The second part of the talk, “Connecting Users, Data, and Repositories”, was covered by Simon Goring, who gave an overview of the opportunities for community repositories to act as a space to bring together the disparate parts of the research process – the journal and the database. Jack and Simon suggested that repositories can help mediate these pieces by building workflow tools that help make data submission an integrated piece of the research process as well as by acting as a broker between researchers and the myriad platforms and formats available. Simon also covered examples of successful linking and building-upon of initiatives from Neotoma and EarthCube, as well as other cyberinfrastructure tools created by EarthCube.

December RDS Brown Bag Talk: Jaime Martindale & AJ Wortley

by Cameron Cook

The Rebecca J. Holz series in Research Data Management is a monthly lecture series hosted during the spring and fall academic semesters. Research Data Services invites speakers from a variety of disciplines to talk about their research or involvement with data.

This December, Jaime Martindale, Map & GIS Data Librarian at the Arthur Robinson Map Library, and AJ Wortley of the State Cartographer’s Office, shared their talk “Geospatial Data Preservation & Management”. You can find their archived slides here.

Jaime and AJ’s talk focused on the work they have done over the past year archiving and releasing data through a  UW-Madison campus geoportal, as well as the work they will be doing over the next year to help a CIC wide geoportal get off the ground.  During their talk they introduced what geospatial data is in terms of raster data and vector data, how geospatial data is used in educational contexts through the geoportal they have built, as well as the process of collecting and archiving the data for use in the geoportal databases. They also noted, as they gave a brief view into the process of starting the new CIC wide geoportal, that they are weighing choices similar to ones faced through the research data lifecycle – i.e. decisions on file formats, software, standards, etc.

 

November RDS Brown Bag Talk: Karl Broman

By Cameron Cook

The Rebecca J. Holz series in Research Data Management is a monthly lecture series hosted during the spring and fall academic semesters. Research Data Services invites speakers from a variety of disciplines to talk about their research or involvement with data.

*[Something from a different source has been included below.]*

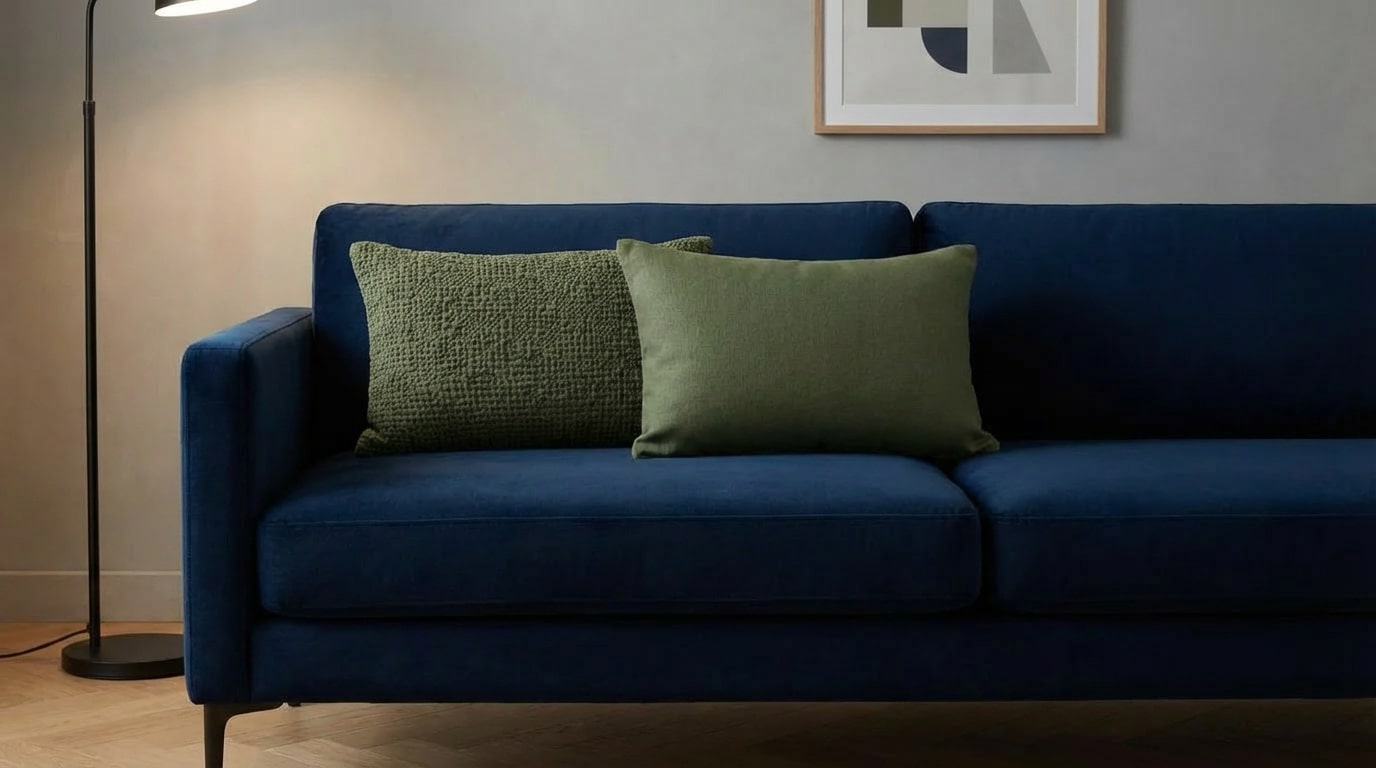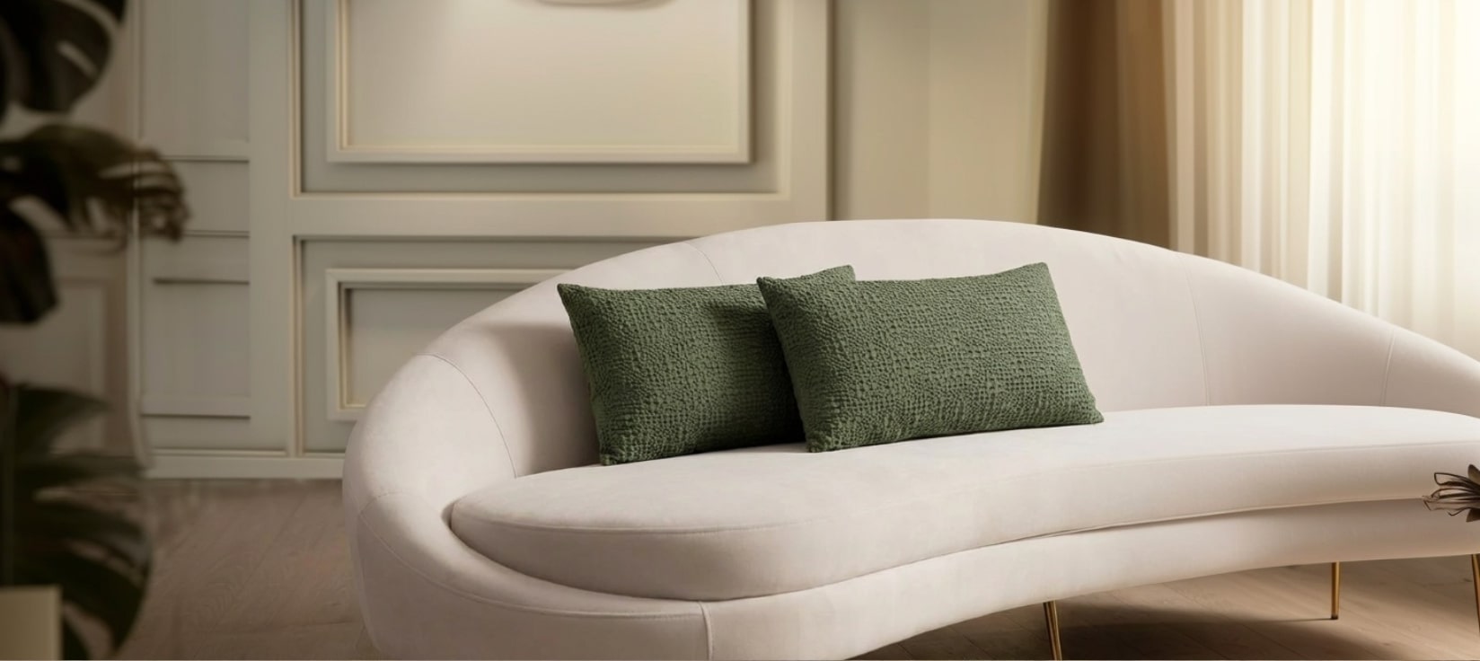 Placement — Placez Tavriel sur un canapé aux lignes droites pour casser la rigidité de l’assise et apporter un volume plus organique. En duo, alignez deux coussins 40×65 le long du dossier pour créer une bande graphique de vert mousse, puis complétez avec un coussin carré plus clair au centre. Sur un banc en bois ou une banquette d’entrée, utilisez-le comme pièce unique pour transformer une assise minimaliste en point de confort marqué.

This November, Karl Broman, a professor in the Department of Biostatistics and Medical Informatics at the University of Wisconsin – Madison, gave a talk entitled “Reproducible Research”. You can find the slides and notes for his talk on his website.

Karl’s talk centered on steps that can be implemented over time to make one’s work fully reproducible. He began with an overview of the issues he faces in his work, highlighting common problems and misconceptions that many researchers have experienced. He also introduced the idea of what reproducibility means and how that idea differs from replicable research. The steps to reproducibility that are outlined in Karl’s talk are listed below, further explanation can be found in the notes attached to his archived slides.

 1) Everything with a script – Everything you do, do in code.

2) Organize your data and code – Make your code or data meaningful to someone else.

3) Automate the process – Karl uses GNU Make for the process.

4) Turn your scripts into reproducible reports – Give a better picture of the data.

5) Turn repeated code into functions – Write better code!

6) Create a package/module – Don’t repeat yourself. Reuse and improve upon the code you have.

7) Use version control – Through tools like git/GitHub.

8) License your software – License your code so you can share it with others.